Cost matters and ASU is intentionally affordable. For 2024-2025, undergraduate tuition and fees are $11,068 in-state and $19,936 out-of-state. Graduate tuition and fees are $12,628 in-state and $22,516 out-of-state. The published full cost of attendance for an on-campus undergraduate is $23,568 in-state and $32,436 out-of-state, including room, board, books, and transportation. Graduate on-campus COA is $26,442 in-state and $36,330 out-of-state. The DPT program markets itself as the most affordable physical therapy doctorate in its peer set, which is consequential given that PT students nationally graduate with median debt above $100,000.

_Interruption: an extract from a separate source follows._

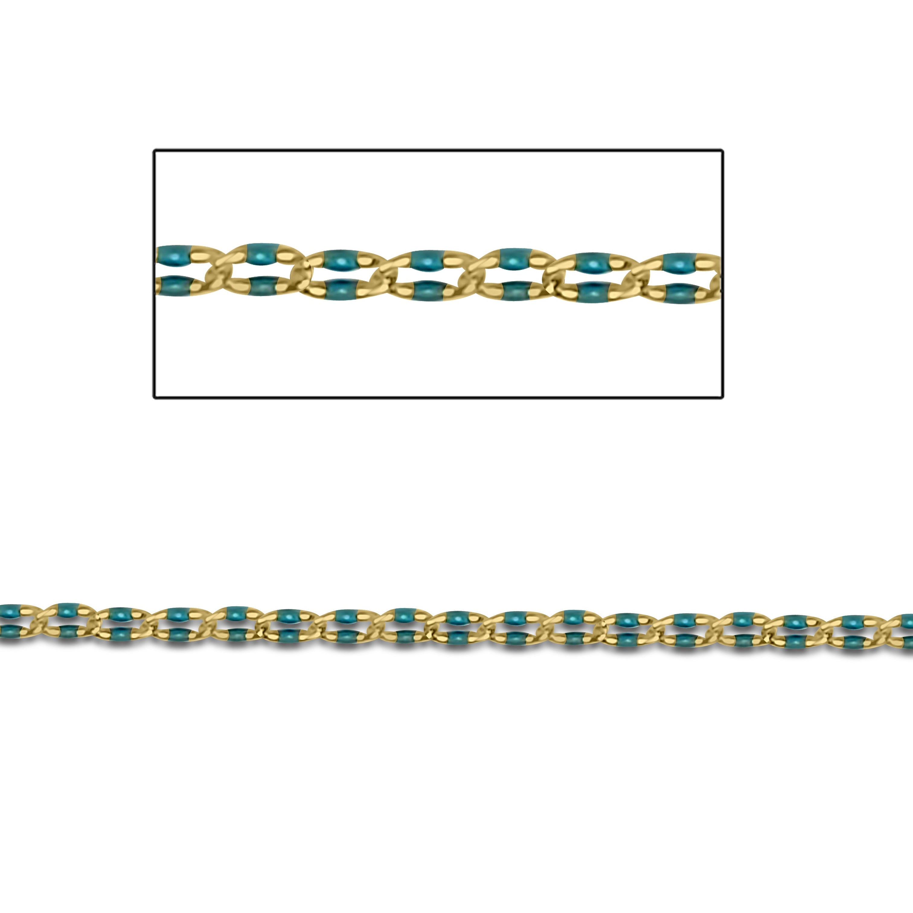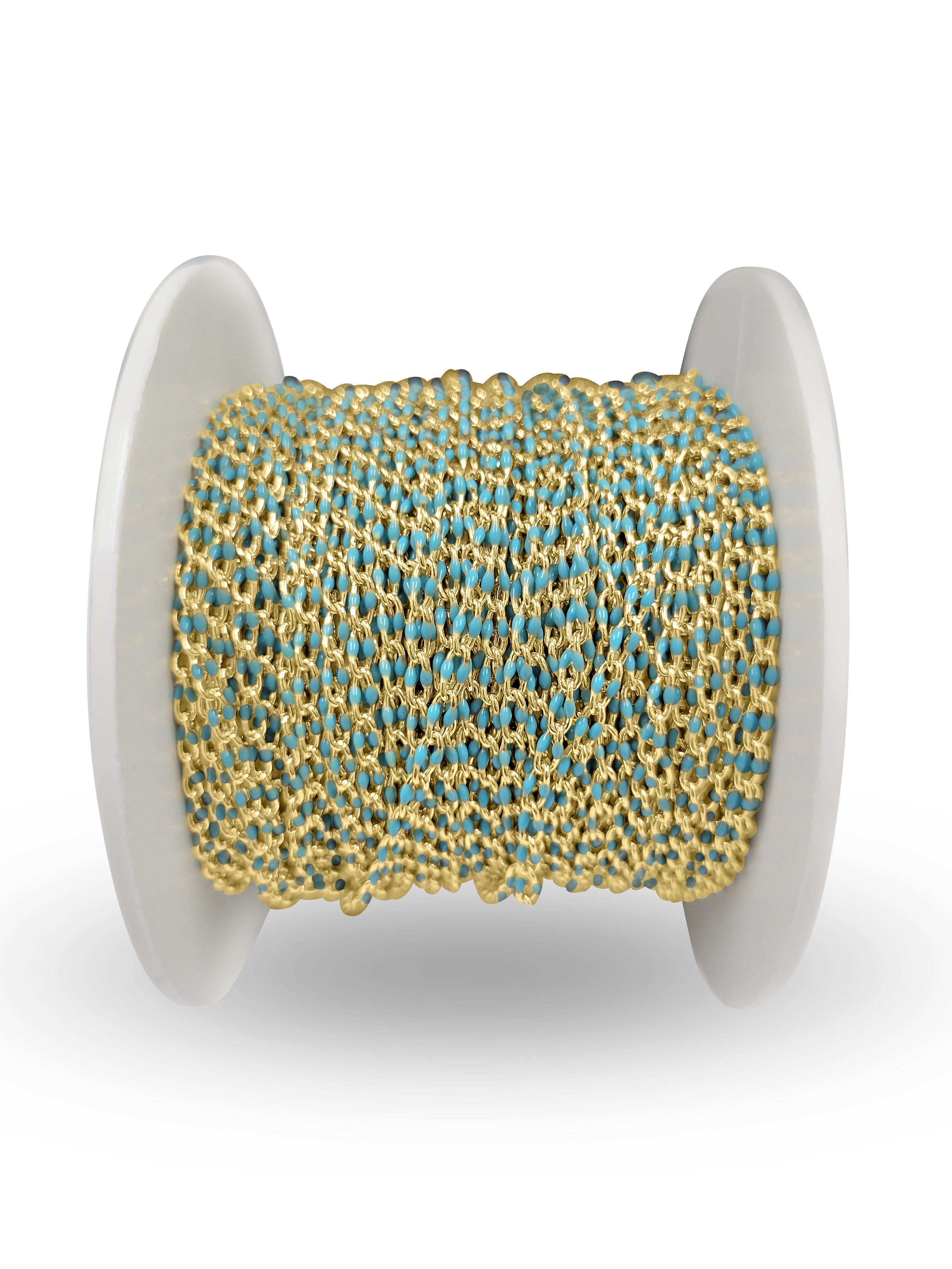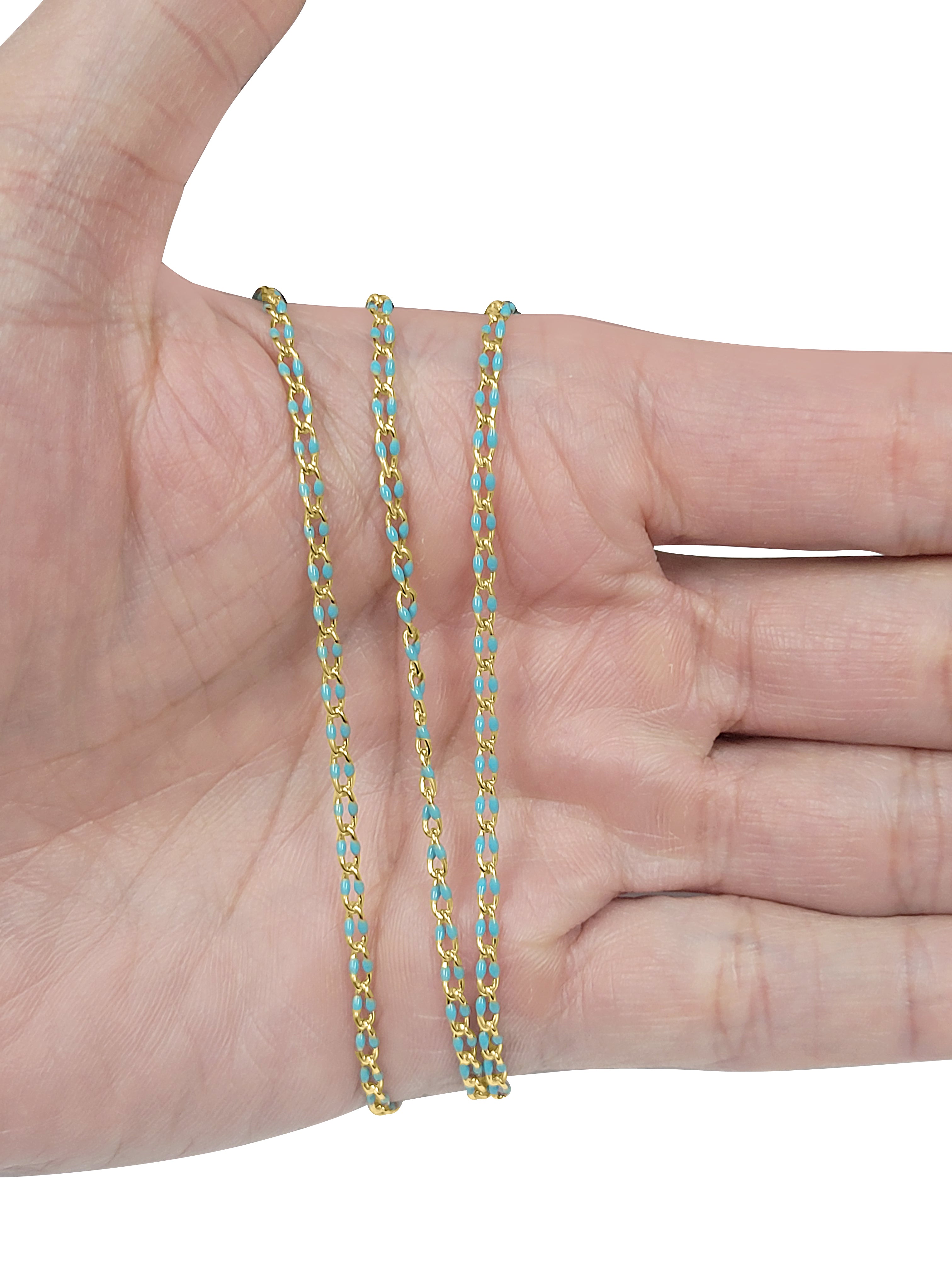 Permanently Turquoise Enameled Cable Chain. Machine run and Soldered Links. Made from 22 gauge wire. Unique chain that can be manipulated into a variety of jewelry designs.

Undergraduate admissions deadlines are May 10 for Summer, July 30 for Fall, and November 15 for Spring. The undergraduate admissions office is at admissions@alasu.edu and 334-229-4291, with offices in the Hardy Center on the Montgomery campus. Graduate health-sciences programs each have their own deadlines and most use centralized application services (PTCAS for DPT, OTCAS for OT). Contact the College of Health Sciences directly at 334-229-5053 or asucohs@alasu.edu for current cycle dates.
Student support beyond academics matters more at the graduate health sciences level than most prospective students realize. ASU's student affairs infrastructure includes TRIO and Student Support Services, the Counseling and Student Development Center, career services, and academic tutoring. The cultural context, an HBCU founded in the cradle of the modern civil rights movement, with a College of Health Sciences whose stated purpose is producing clinicians who serve underrepresented communities, is the actual differentiator. Black students choosing ASU choose a setting where their identity is the default, not the exception, and where the curriculum is built around the patient populations they intend to serve.
Bottom line for Black students researching nursing in Alabama: ASU is not the school for an RN credential. ASU is the school for a Black-led, mission-driven path into physical therapy, occupational therapy, prosthetics and orthotics, or health information management, at a cost structure that does not require a six-figure loan to enter the profession.